Just because it feels better, just because it makes me feel more like a human, it makes me feel more whole, it gives me fewer things to complain about at the end of the day. It shifts my focus of all my laments and umbrage and resentments and all of the mental cruft that I drag home with me every day and just shifts it to something different, shifts it to something better. I can focus on something I can actually do, because I can't make a new job happen overnight. But I can approach the job I have totally differently. I can find ways to be kind, I can find ways to give, I can find ways to be grateful because, no matter how terrible a situation is, there's something to be grateful for, there's some opportunity to give, there's some opportunity to be kind. And the question is are we seizing these opportunities? And if there's part of us that says, well, they don't deserve our kindness, I think that's a little bit of that self-centeredness, talking Focus a little too much on what we're not getting and maybe just for a minute we can just put all that down. Let's give that a break and try something different. Try to see what happens when we give.
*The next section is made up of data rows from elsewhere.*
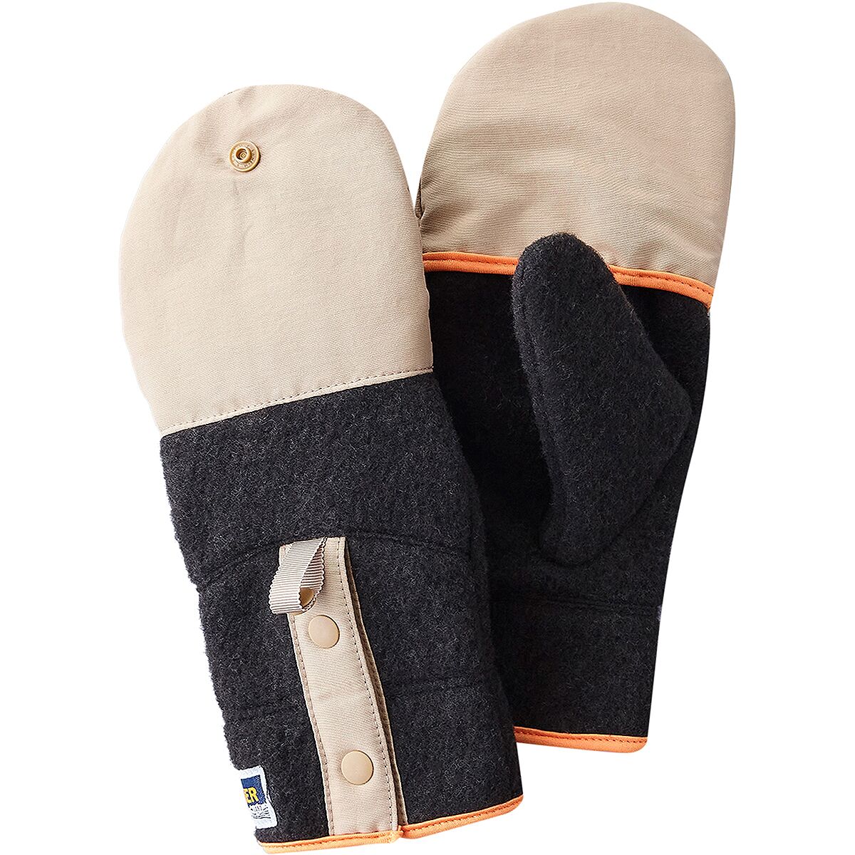 Flip mitten, Recycled wool fleece body, slit-open cuff, touch panel compatible.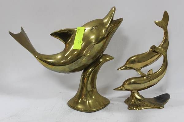 PAIR OF BRASS DOLPHIN ORNAMENTS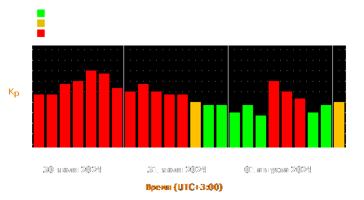 В целом вероятность магнитных бурь сотрудники лаборатории оценивают в 25% 30 июля и 30% — 31 июля и 1 августа. При этом вероятность сильного магнитного шторма останется неизменной — 35%.
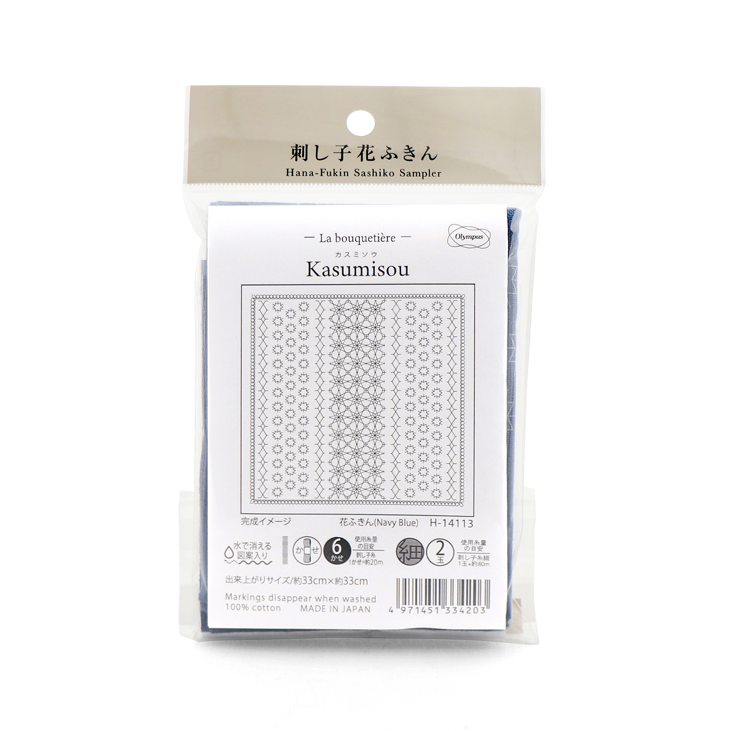 【お取り寄せ・返品不可】OHF-H14113 刺し子 花ふきん Kasumisou【藍】 3枚入り (袋)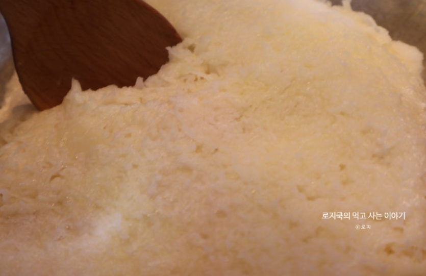 5. 전분의 양은 반죽하면서 조절하시면 됩니다. 질척이지 않게 뭉쳐질 정도로 넣어줍니다.
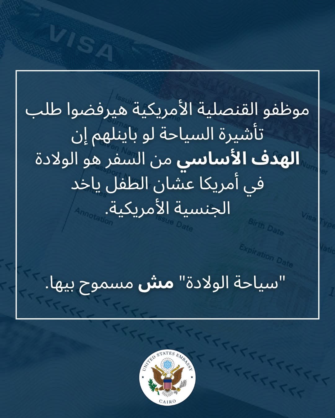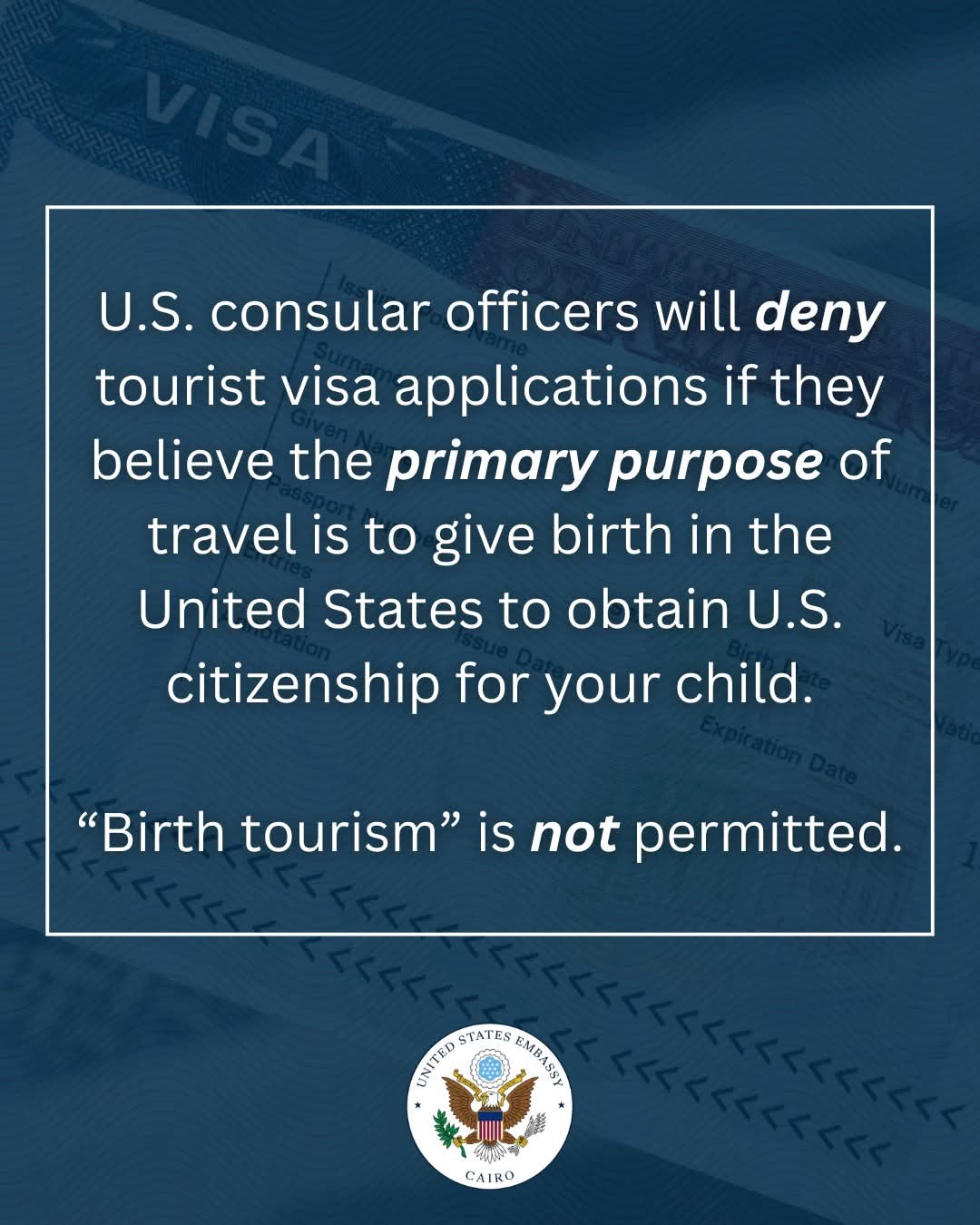 وكتبت السفارة الأمريكية علي صفحتها علي موقع التواصل الاجتماعي فيس بوك:"موظفو القنصلية الأمريكية لن يقبلوا مجددا طلب تأشيرة السياحة للولادة، حال تبين لهم إن الهدف الأساسي من السفر هو الولادة في أمريكا حتى يتمكن الطفل من نيل الجنسية الأمريكية، مشددة على أن سياحة الولادة غير مسموح بها".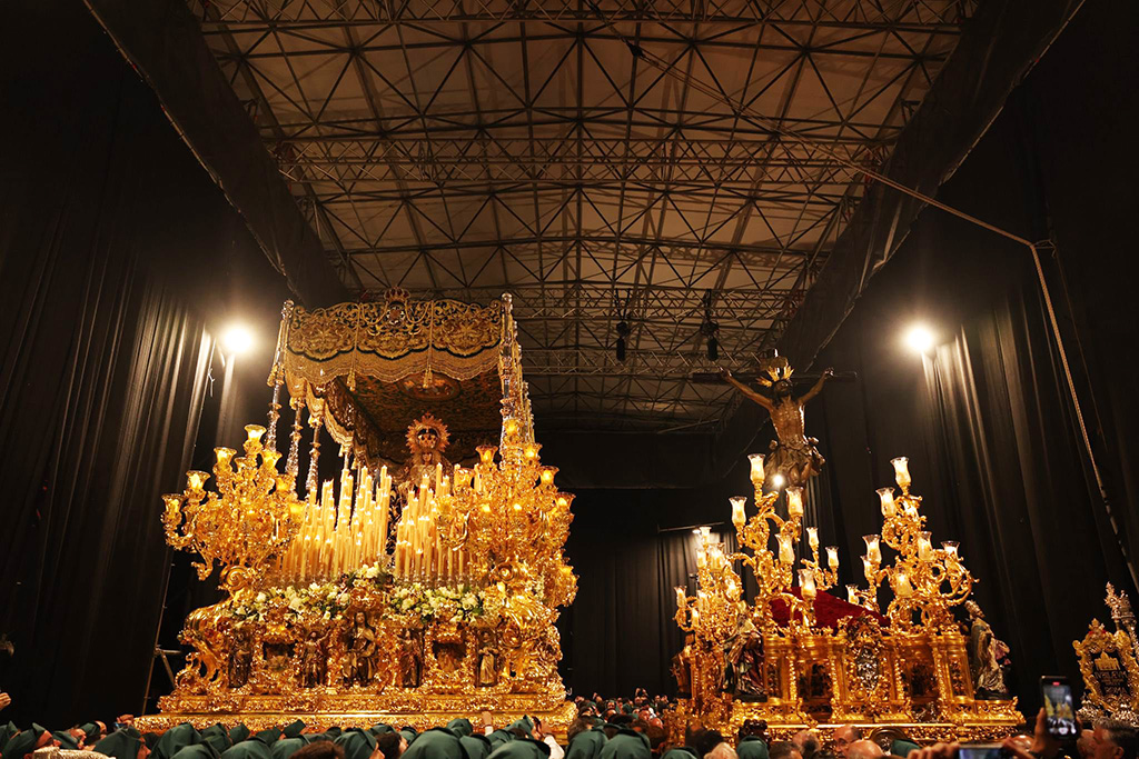 El cristo trianero ha sido revestido con potencias y corona de espinas para esta ocasión especial. En los codales de su paso procesional se han incluido detalles de las hermandades del Viernes Santo, en recuerdo a las cofradías sevillanas y, sobre todo, a aquellas que realizan estación de penitencia en la misma jornada. Otra curiosidad, en este caso en el trono de la Esperanza, titular a la que le han dedicado vivas los fieles durante su recorrido, ha sido que han colocado a los angelitos que portan romero en el lateral lazos con el color de la Archicofradía y de la corporación hispalense, como muestra de unión entre Málaga y Sevilla.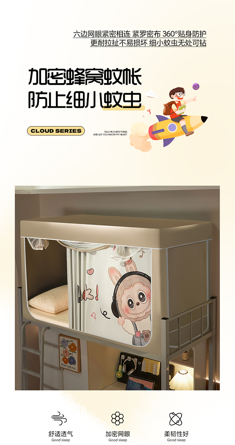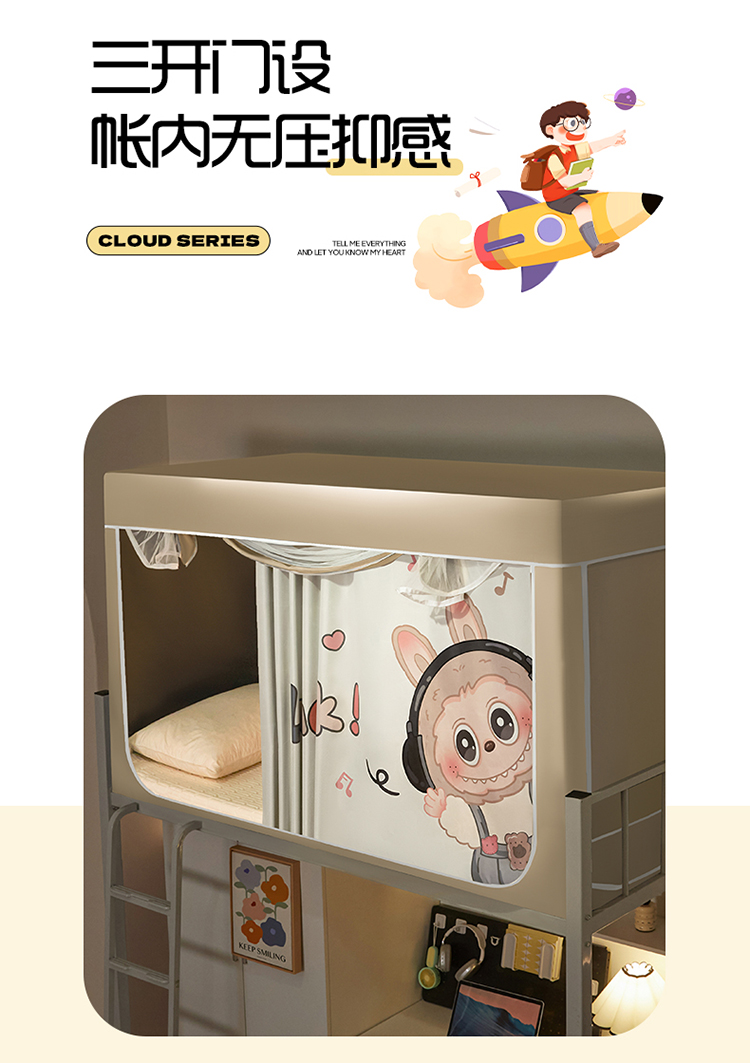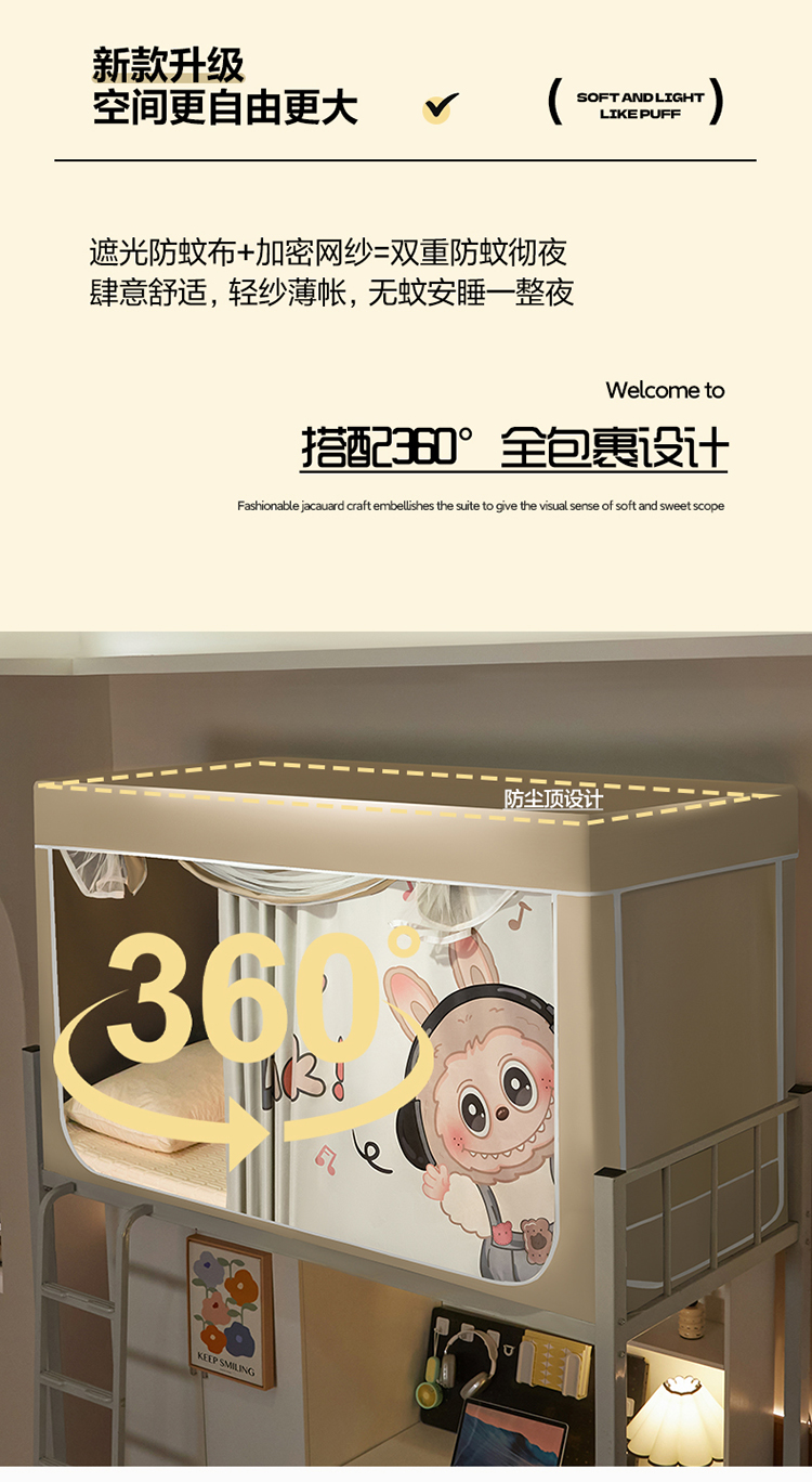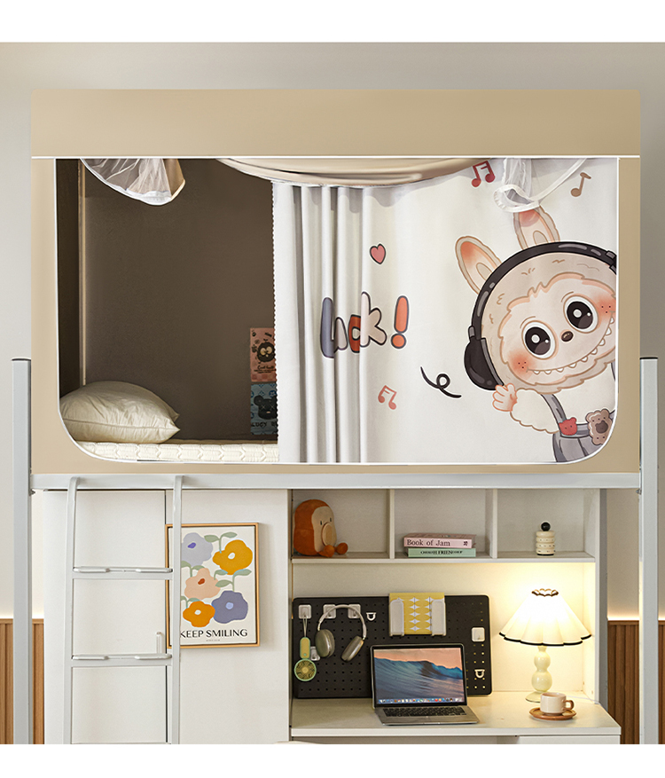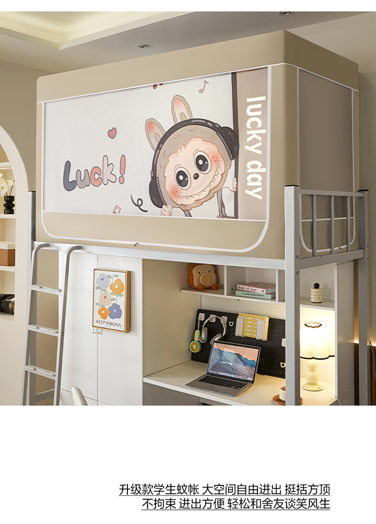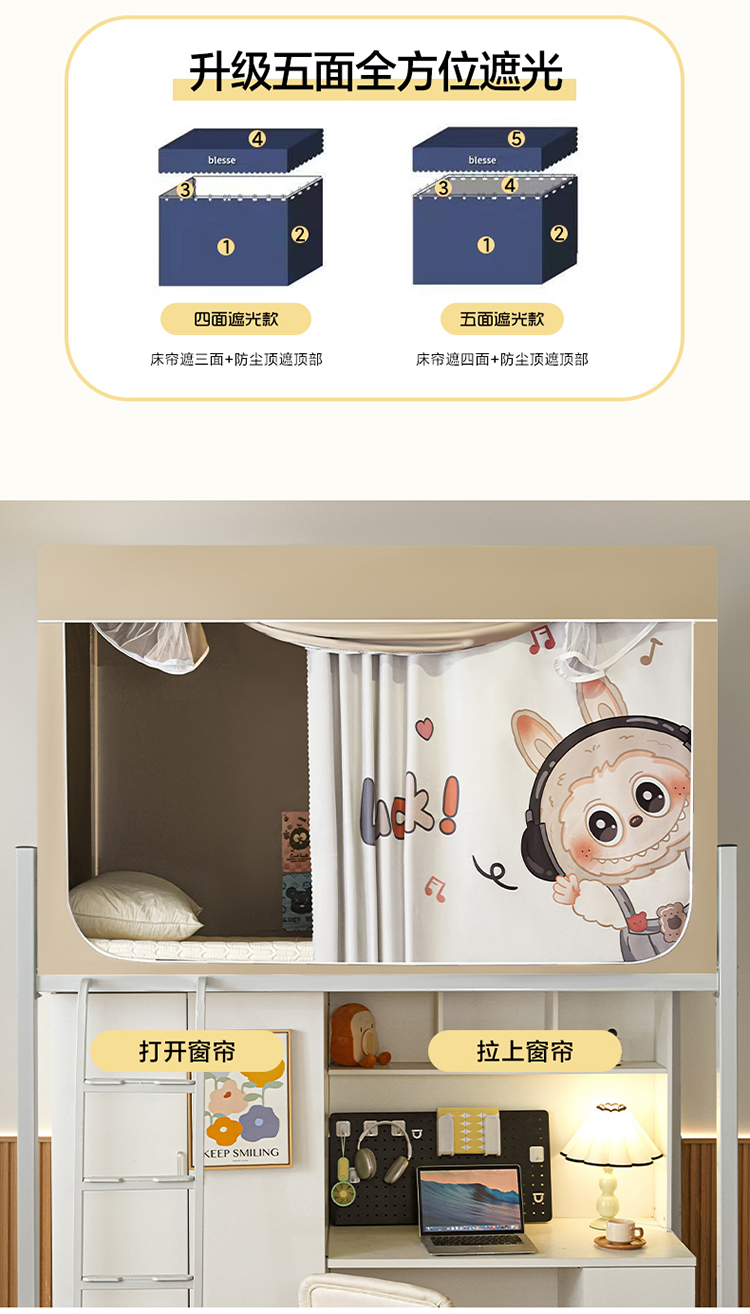 商品名称:初心家纺 2026新款99%五面遮光加厚涂层遮光大版数码印花带靠墙帘卡通学生蚊帐 奶萌labubu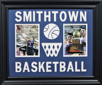 16 x 20 Framed photo showcase features custom engraved photo mat that reads " SMITHTOWN BASKETBALL" with engraved center artwork.

If we wanna create change, look for opportunities where we can give, where we can contribute, where we can give freely, because sometimes that's the worst part, but our lives becoming small, about becoming incredibly isolated, incredibly lonely as we don't have anyone to give to. Well, this is something we can fix. There's always opportunities to give. There's always opportunities to be kind. There are always opportunities to contribute. There are always opportunities for us to flip the ratio of our life between our own consumption and our own creation, our own taking and our own giving, and we can choose to seize these opportunities whenever we wish. But especially if we're trying to create change, especially if we want things to go better in our life, especially if we want more better things in our life, one of the best things we can do is shift our focus, shift our perspective from trying to get to trying to give.